If user chooses option 1 → Verify key exists, continue
If user chooses option 2 → HALT with setup instructions
Let's set up your data extraction configuration.
Do you have an existing configuration file, or should we create one?
1. Use existing configuration file
2. Create new configuration with wizard
3. Use default configuration
Which option?
Ask for configuration file path
Load and validate configuration
Run configuration wizard (steps 2-5)
Load default configuration from config-template.yaml
extraction_config
**File Paths Configuration**
Please provide the following paths:
1. **Source Documents Folder:** Where are your files to process?
Example: ./source-documents or /path/to/files
2. **Master Excel File:** Where should extracted data be saved?
Example: ./master-data.xlsx
3. **Processed Files Folder:** Where to move processed files?
Example: ./processed/done
4. **Backup Folder:** Where to store Excel backups?
Example: ./backups
Validate that source folder exists
Validate that master Excel file exists or can be created
Create processed and backup folders if they don't exist
source_folder
master_file
processed_folder
backup_folder
**Data Fields Configuration**
What fields should I extract from your documents?
Here are common fields for sales reports.

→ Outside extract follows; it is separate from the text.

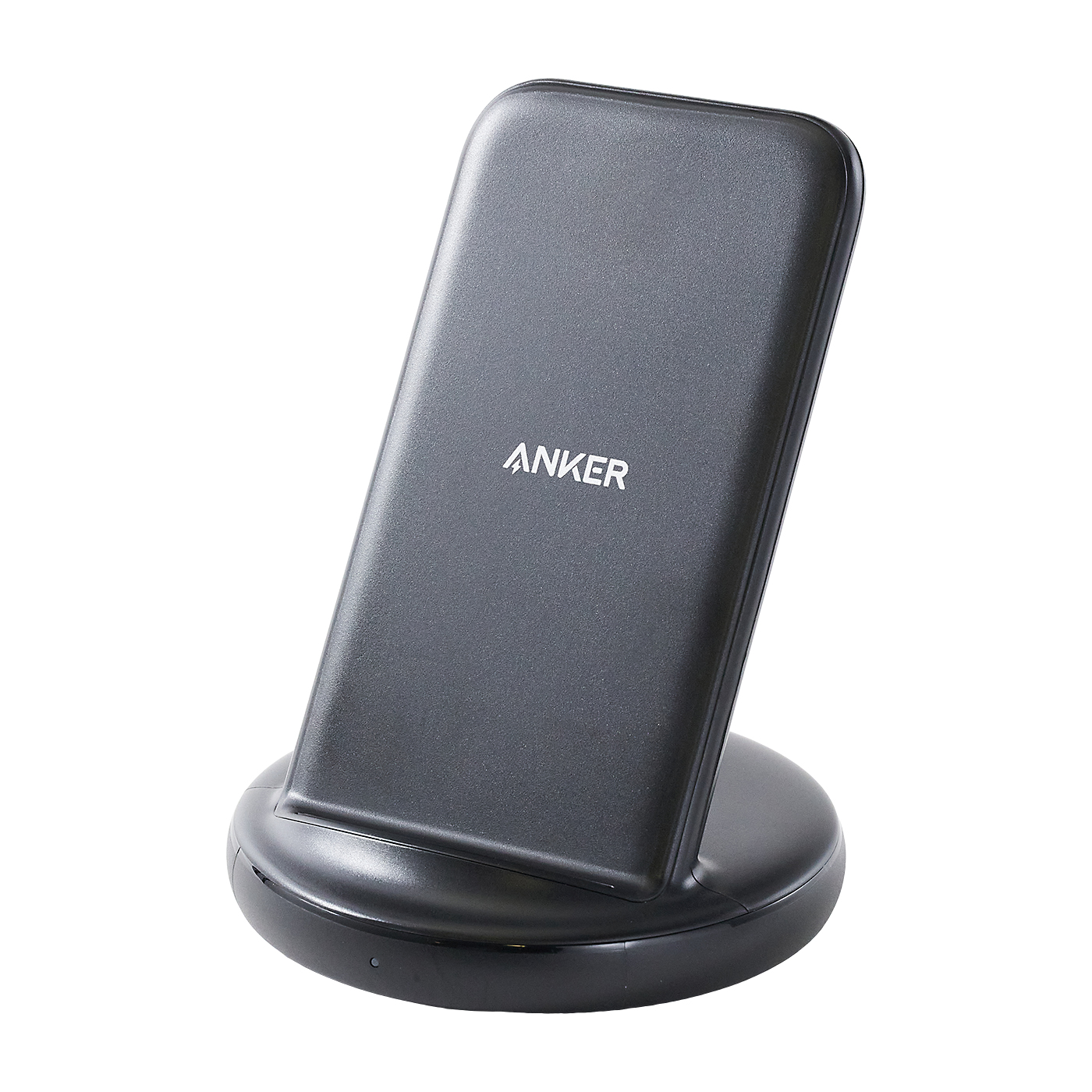 充電器やイヤホンなどのガジェットを販売するメーカー、Ankerの「Anker PowerWave 10 Stand」。カラーはブラック・ホワイトの2色展開で、USB Type-A to microUSBケーブルが付属しています。スタンドタイプの充電器で、上下方向の位置合わせは気にせずスマホを充電可能。左右の位置合わせはスマホの縦置き・横置きに関わらず10mmのズレまで充電ができました。充電範囲は広く、充電位置を細かく気にせず置いても充電ができるでしょう。iFaceや手帳型などの厚さが約4mmある厚めのケースでも充電が確認できました。ほとんどのケースを装着したままでも充電が可能でしょう。最大出力は公称値で10W。Xperia 1 Vを30分間充電したところ10%しか充電が溜まりませんでした。充電は低速で、スマホをしっかり充電するには長時間置いておく必要があります。LEDは正面に配置されており充電状況をいつでも確認可能。一方で、スタンド部分に滑り止めはついておらず、スマホを立てかけながら操作するのは難しいでしょう。本体への入力ポートはmicroUSBでType-Cほど汎用性が高くありません。

Select all that apply:
- [ ] Date (sales report date)
- [ ] Store/Tenant Name
- [ ] Sales Amount
- [ ] Part Timer/Employee Name
- [ ] Shift Hours
- [ ] Invoice Number
- [ ] Custom field (specify)
Which fields do you need?
Create extraction_fields configuration based on selections
For each custom field, ask for name, type, and whether it's required
extraction_fields
**Processing Settings**
Configure how files should be processed:
1. **Batch Size:** How many files to process before saving? (default: 10)
2. **Parallel Processing:** Number of concurrent API calls (default: 3, max: 5)
3. **Confidence Threshold:** Auto-approve extractions with confidence >= ? (default: 85%)
4. **File Types:** Which file types to process? (pdf, xlsx, xls, msg)
Use defaults or customize?
batch_size
parallel_limit
confidence_threshold
file_types
Generate complete configuration file
Save to {project-root}/bmad/bmm/workflows/data-extraction/ocr-to-excel/extraction-config.yaml
config_file_path
Scan the source folder recursively for supported file types
Filter out already-processed files (check processing log)
Build processing queue with file metadata
Ready to start processing {{queue_length}} files?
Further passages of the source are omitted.